- Data section
------------------------------------------------

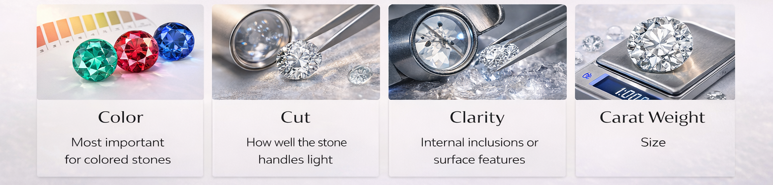 Gemstones are materials valued for their beauty, durability, and rarity—chosen not only for how they look, but for how they perform over time in fine jewelry.
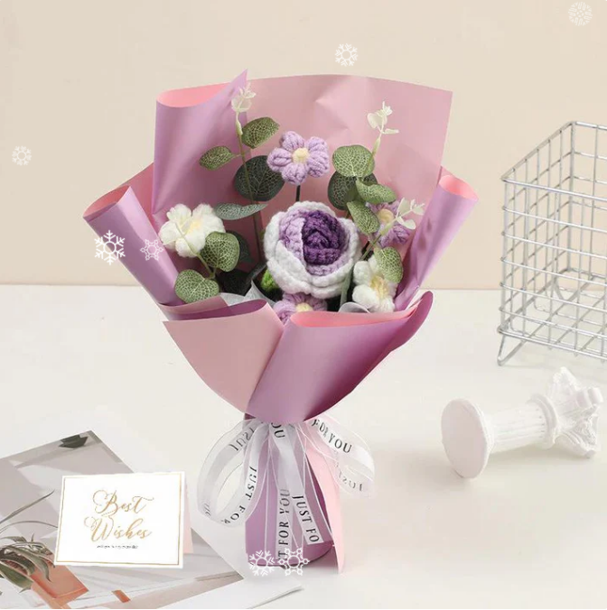 EVIG SKĂNHET â Till skillnad frĂ„n riktiga blommor kommer denna virkade bukett aldrig att vissna, blekna eller behöva vattnas. Den fungerar som ett bestĂ„ende, vackert minne av ett speciellt ögonblick och erbjuder bestĂ„ende charm i mĂ„nga Ă„r framöver.
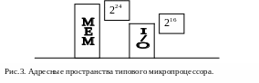 1) сигналы "WR" и "RD", обеспечивающие общение микропроцессора с памятью ("WR" – "write", - реализация процедуры записи данных, "RD" – "read" - процедуры считывания данных). Микропроцессоры могут иметь несколько адресных пространств (микропроцессоры INTEL, например, имеют два адресных пространства (рис.3): пространство "ВВОДА – ВЫВОДА" (I/O – Input/Output) и пространство "ПАМЯТИ" (MEM - Memory)). В адресном пространстве "ВВОДА – ВЫВОДА" размещают периферийные (внешние) устройства.
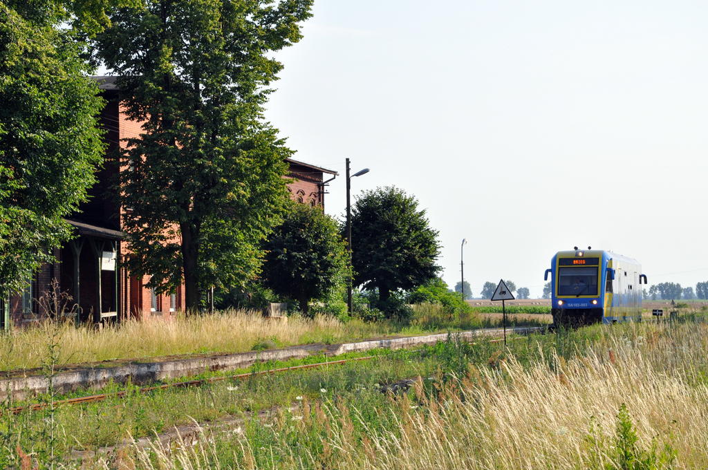 Jest godzina 17:59. Gorącym, letnim popołudniem wtacza się punktualnie pociąg do Brzegu. Frekwencja ostatnim czasy dopisuje, co cieszy każdego. Z lewej budynek dworca i kolejowy budynek mieszkalny. Widok w kierunku południowym, od strony Brzegu.

------------------------------------------------

- Aim of the exercise
Restate exactly, please, only the lines between the start of the data and the line containing "периферийные (внешние) устройства.", both ends included, skipping the pictures.

- Expected answer
 Gemstones are materials valued for their beauty, durability, and rarity—chosen not only for how they look, but for how they perform over time in fine jewelry.
 EVIG SKĂNHET â Till skillnad frĂ„n riktiga blommor kommer denna virkade bukett aldrig att vissna, blekna eller behöva vattnas. Den fungerar som ett bestĂ„ende, vackert minne av ett speciellt ögonblick och erbjuder bestĂ„ende charm i mĂ„nga Ă„r framöver.
 1) сигналы "WR" и "RD", обеспечивающие общение микропроцессора с памятью ("WR" – "write", - реализация процедуры записи данных, "RD" – "read" - процедуры считывания данных). Микропроцессоры могут иметь несколько адресных пространств (микропроцессоры INTEL, например, имеют два адресных пространства (рис.3): пространство "ВВОДА – ВЫВОДА" (I/O – Input/Output) и пространство "ПАМЯТИ" (MEM - Memory)). В адресном пространстве "ВВОДА – ВЫВОДА" размещают периферийные (внешние) устройства.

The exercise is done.